§ SOURCE INFORMATION
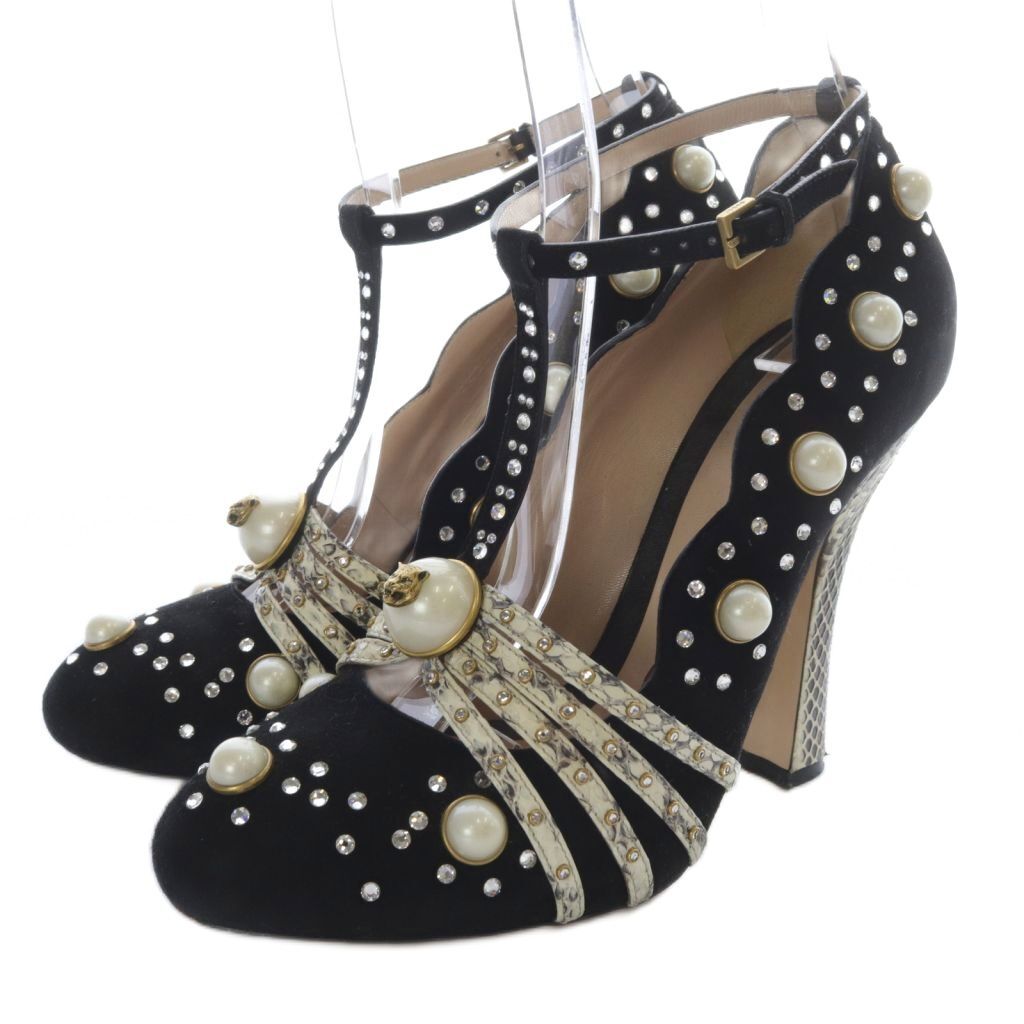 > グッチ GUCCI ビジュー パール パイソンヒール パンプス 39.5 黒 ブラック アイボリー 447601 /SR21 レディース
...
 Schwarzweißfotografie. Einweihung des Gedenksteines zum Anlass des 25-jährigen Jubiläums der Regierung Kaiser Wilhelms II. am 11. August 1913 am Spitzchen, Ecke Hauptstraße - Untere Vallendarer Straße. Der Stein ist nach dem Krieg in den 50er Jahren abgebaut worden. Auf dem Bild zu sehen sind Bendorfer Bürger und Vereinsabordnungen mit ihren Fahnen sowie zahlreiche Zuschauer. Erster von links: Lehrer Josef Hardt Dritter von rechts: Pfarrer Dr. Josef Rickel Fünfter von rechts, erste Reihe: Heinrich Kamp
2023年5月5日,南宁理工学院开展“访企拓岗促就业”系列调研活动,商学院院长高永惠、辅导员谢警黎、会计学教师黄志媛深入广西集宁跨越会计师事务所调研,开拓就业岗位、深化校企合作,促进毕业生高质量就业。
--
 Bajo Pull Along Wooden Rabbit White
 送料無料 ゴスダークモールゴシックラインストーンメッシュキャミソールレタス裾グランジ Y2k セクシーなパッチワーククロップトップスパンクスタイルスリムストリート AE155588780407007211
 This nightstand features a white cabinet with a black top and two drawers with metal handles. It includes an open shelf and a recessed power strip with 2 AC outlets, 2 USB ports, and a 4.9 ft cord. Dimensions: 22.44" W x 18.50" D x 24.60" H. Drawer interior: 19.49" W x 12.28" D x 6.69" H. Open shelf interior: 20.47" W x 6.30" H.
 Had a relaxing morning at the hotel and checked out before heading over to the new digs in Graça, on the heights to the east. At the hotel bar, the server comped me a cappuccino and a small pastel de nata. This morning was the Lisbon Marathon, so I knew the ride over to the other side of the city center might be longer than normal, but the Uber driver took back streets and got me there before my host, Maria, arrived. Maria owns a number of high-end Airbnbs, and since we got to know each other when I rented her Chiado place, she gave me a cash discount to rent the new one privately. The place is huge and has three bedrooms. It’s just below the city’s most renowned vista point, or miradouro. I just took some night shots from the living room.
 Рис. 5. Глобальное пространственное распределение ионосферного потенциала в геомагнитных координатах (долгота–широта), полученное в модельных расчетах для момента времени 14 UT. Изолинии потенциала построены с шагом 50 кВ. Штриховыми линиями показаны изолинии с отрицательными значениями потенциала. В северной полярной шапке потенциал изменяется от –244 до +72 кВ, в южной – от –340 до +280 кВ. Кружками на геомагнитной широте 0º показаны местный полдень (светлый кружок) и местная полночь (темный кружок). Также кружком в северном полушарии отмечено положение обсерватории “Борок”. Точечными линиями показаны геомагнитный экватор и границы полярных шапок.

§ TASK DIRECTIONS
Repeat exactly the lines of the listing above, from the one with "Bajo Pull Along Wooden Rabbit White" down to the one with "送料無料 ゴスダークモールゴシックラインストーンメッシュキャミソールレタス裾グランジ Y2k"; both of those lines belong in the range.

§ SOLUTION TO THIS TASK
 Bajo Pull Along Wooden Rabbit White
 送料無料 ゴスダークモールゴシックラインストーンメッシュキャミソールレタス裾グランジ Y2k セクシーなパッチワーククロップトップスパンクスタイルスリムストリート AE155588780407007211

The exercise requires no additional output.